Price: No exceptions at all, and they all raised their hand. Zach Nunn was one of the three here and called it a gotcha question. You can describe it however you choose, but the intent of course is to decide and get a concrete answer, which we did not get from the Governor about exceptions. And in this case, no exceptions from any of the three of them, which puts them out of the mainstream when you look at the polls that Stephen's organization has done with the Register or any of the other polls you see, frankly, that the majority of people while they may not support abortion per se, the concept of the ability for a woman to have an abortion at least with some exceptions, it is the clear majority there.

Henderson: Okay, Stephen, what's the polling?

Gruber-Miller: Yeah, and it's an interesting issue because --

Price: Sorry to put you on the spot.

Gruber-Miller: No, that's fine. In September, the Des Moines Register Iowa Poll found 57% of Iowans say that abortion should be legal in all or most cases compared to 38% who said it should be illegal in all or most cases. So that is a majority of Iowans favoring abortion being legal at least most of the time. We also have polled on this potential constitutional amendment that the republicans have been pursuing to say that the Constitution in Iowa does not secure a right to abortion. And in that polling we found fewer than a third of Iowans support the amendment. And so that is something that could be on the ballot in 2024 that they might have to go out and promote that shows that that's unpopular and keeping abortion legal is popular. Now, the question is when it goes from hypothetical to real, does it change how people vote?

Murphy: Yeah, that's interesting. We could have abortion figuratively on the ballot in 2022 and literally on the ballot in 2024 in Iowa.

Henderson: Let's talk about the midterms. We've talked a little bit about a couple of key primaries here. But we're going to have a general election. We're several months out from it. But how might this issue play? I've covered presidential candidates. I remember John Kerry on the eve of the 2004 election making the case that people needed to vote for him because he was going to appoint people to the Supreme Court. That didn't really work for him.

Murphy: Yeah, this is I think a great question that we're all going to find out together as we cover this campaign this summer and fall. Abortion has been a single issue vote for a lot of conservatives for a long time and it has not been so much in the opposite direction from the democratic side. Does this change that? Does this make -- including democrats, but some of the more middle of the road voters, the people who bounce back and forth between elections -- is this the kind of issue that they see, and Stephen's polling numbers are important to keep in mind so that is the opinion out there, but is this an issue that people cast a vote based on? I don't know that we know the answer to that yet. All of us here at this table are going to be talking to a lot of people in the coming months to find that out.

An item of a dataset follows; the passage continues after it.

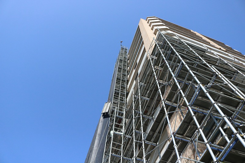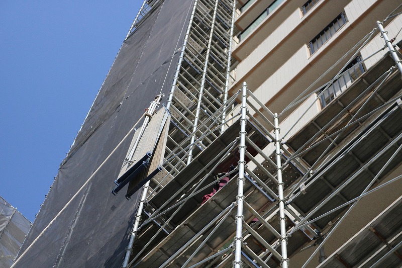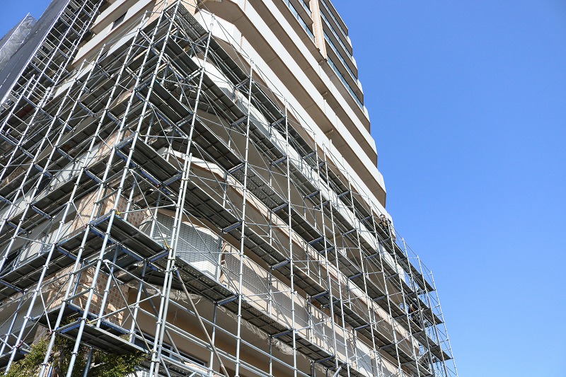 埼玉県にあるマンションの大規模修繕工事における、足場仮設工事を行いました。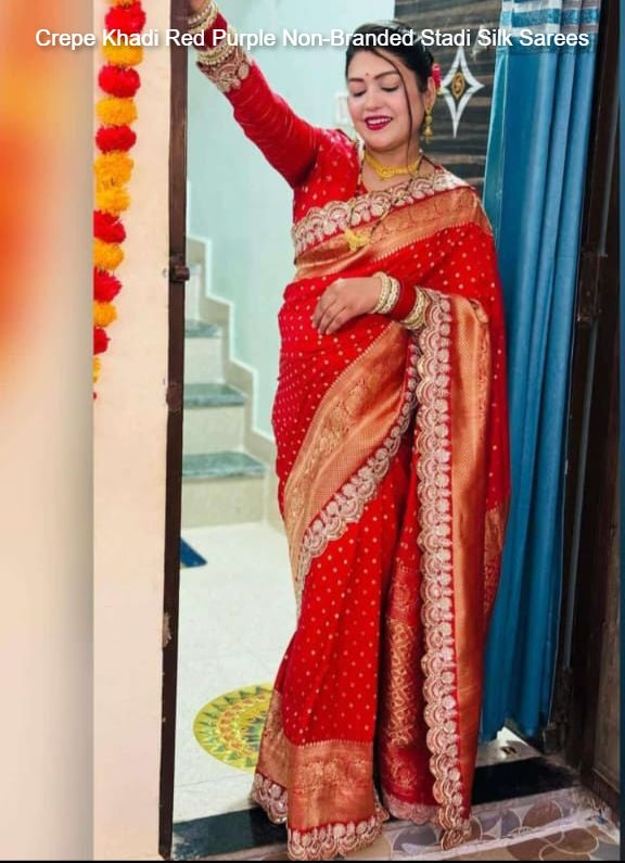 - Crepe Khadi Red Purple Non-Branded Stadi Silk Sarees Dealer Ahmedabad Surat Wholesale Gujarat India Lowest Price Best Quality Buy Purchase Shipping Kurta Salwaar Kameez Also free Cash on delivery

Obradovich: It will be interesting to see how candidates straddle this between the primary, especially on the republican side, and the general election. We've already seen just in the past couple of weeks Chuck Grassley, of course running for re-election, stand up and take credit for at a republican fundraiser the fact that he and Donald Trump engineered this 6-3 conservative majority on the U.S. Supreme Court. That was before the leaked draft. Now after the leaked draft, reporters were asking him just in the past week, what about your role in possibly overturning Roe v. Wade? And he said, oh well, you never know what these guys are going to do, these Supreme Court candidates, these nominees, we never know for sure what they're going to do. And he sort of backed away from that idea that he was one of the key engineers of this 6-3 majority. So it's possible that his base was in the room earlier in April and he's speaking more to a mainstream audience, which in Stephen's poll doesn't necessarily want to see Roe v. Wade overturned.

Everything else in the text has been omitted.